For those who care to remember that season that was, Rusch had about as bad a year as one could have. Way back on March 18 my buddies and I were witness to Rusch being struck by a line drive off the bat of Joe Borchard in a game against the White Sox down in Tuscon. From there things got worse. As Rybarcyzk documents Rusch gave up 11 homeruns in 22.3 April innings and wound up the season giving up a remarkable 21 homeruns in 66.3 innings before a blood clot in his lung ended his season on September 12th. Final line: 86 hits and 33 walks in those 66.3 innings, an ERA of 7.46, and a Pitching Runs Above Average (PRAA) of a dismal -20.

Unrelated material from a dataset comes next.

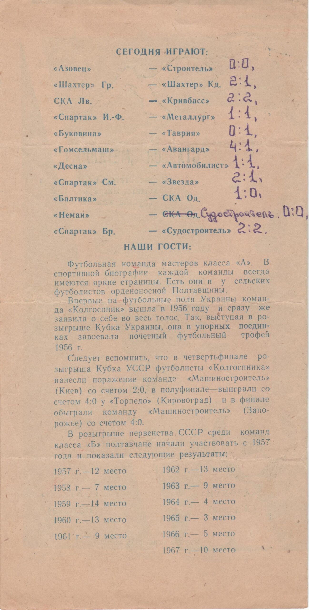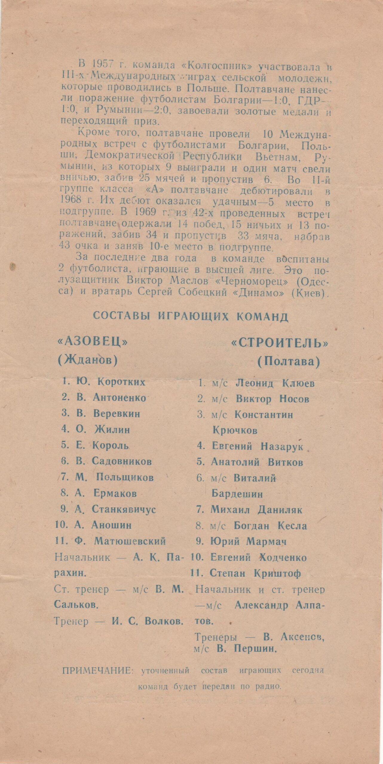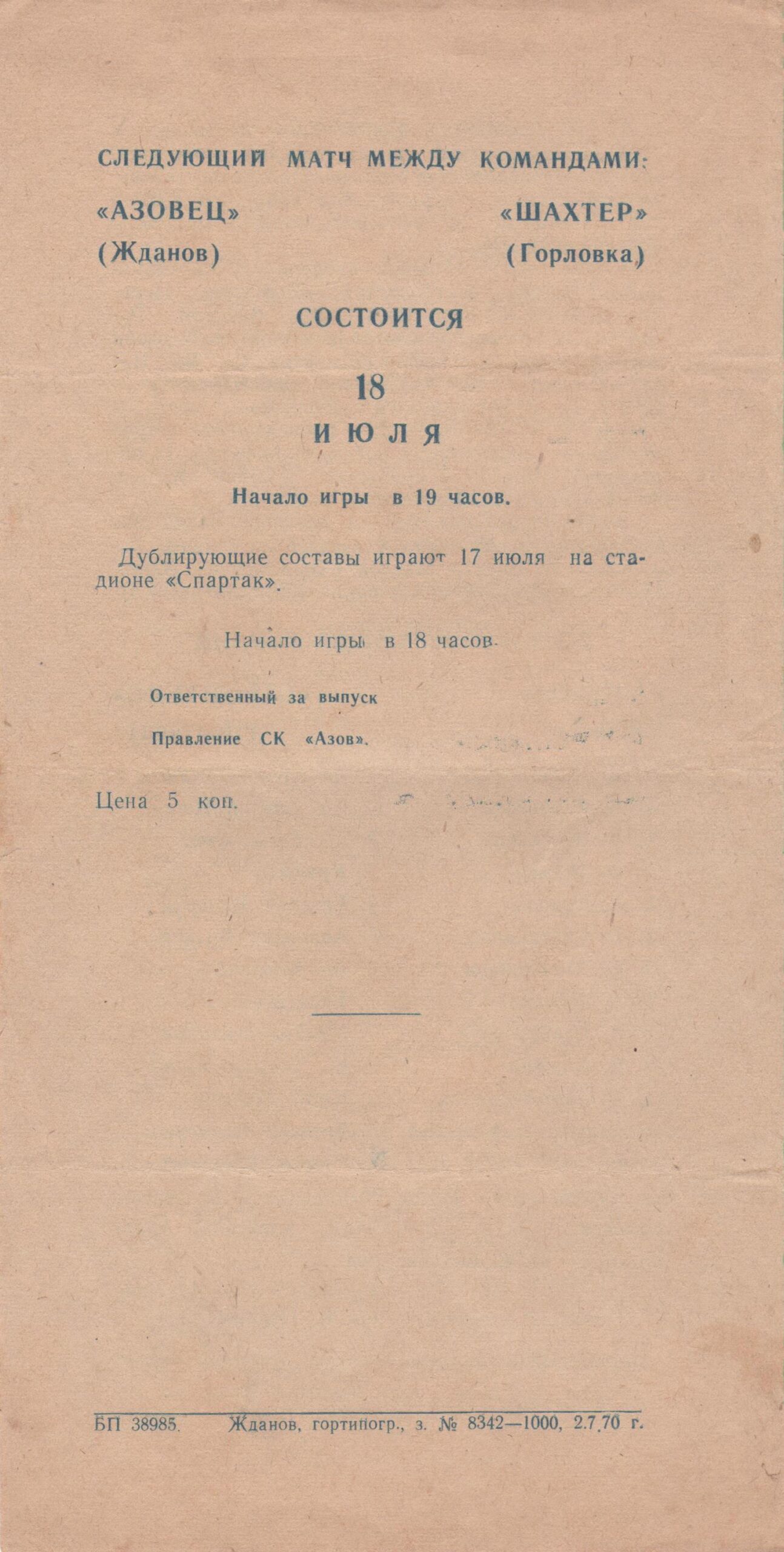 10 липня 1970 року. “Азовець” Жданов – “Будівельник” – 0:0

Perhaps that March performance really did set the tone because on that day the wind was blowing 20 to 30 miles per hour straight out and Rusch gave up two homeruns in the outing. And according to Rybarcyzk 20 of the 21 homeruns hit off of Rusch enjoyed a tail wind increasing the distance an average of 27 feet. Further, all of them were hit at an altitude of 535 or greater. Both factors were highly unlikely. Taking the distance, altitude, and direction of all of Rusch's homers and placing them in the context of Shea Stadium (elevation 10 feet with an average wind speed of 10 mph blowing in from left field) he finds that only two of the 21 homeruns would have left the park and only one other ball would likely have been a double off the wall. Of course, more realistically he then removes the wind factor and calculates that 9 of the balls would have gone out with one additional double. Yes, Rusch pitched poorly in 2006 but was also the recipient of some awful luck that made it look worse than it was.

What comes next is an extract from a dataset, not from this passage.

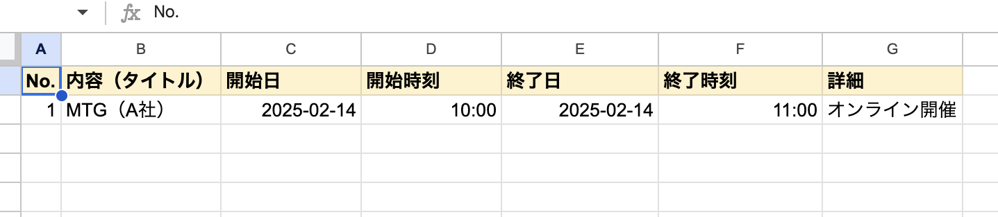 ちなみに今回は、テスト版としてGoogle スプレッドシートにこのような予定表を作成し、行を追加ています。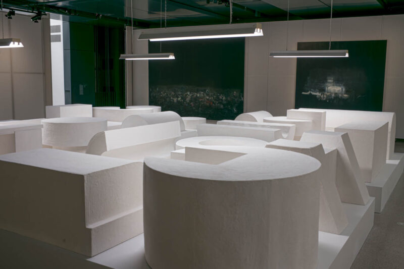 下層階では、アブサロン(Absalon)の白い構築体《Propositions d’habitations》(1990年)が理想の住居の模型として並ぶ。

As a side note luck seems to effect Rusch more severely than other pitchers as I've noted in the past his large fluctuation in BABIP from .386 in 2003, to .298 in 2004 to .350 in 2005.
The ability to do this kind of analysis only grows with the availability of information. Obviously a team could use this kind of analysis to help make a decision on whether to give a guy like Rusch another shot or even project what a player might do in another ballpark (Rybarcyzk's analysis of Beckett is interesting in this regard). As the data set is expanded to include not only homeruns but all batted balls, a whole new set of adjustments can be created that not only remove the effects of wind and altitude but can also go a long ways towards factoring out luck in general. And as the layers of the onion are peeled back we'll get closer to the skills and attributes that can better inform the decision making process.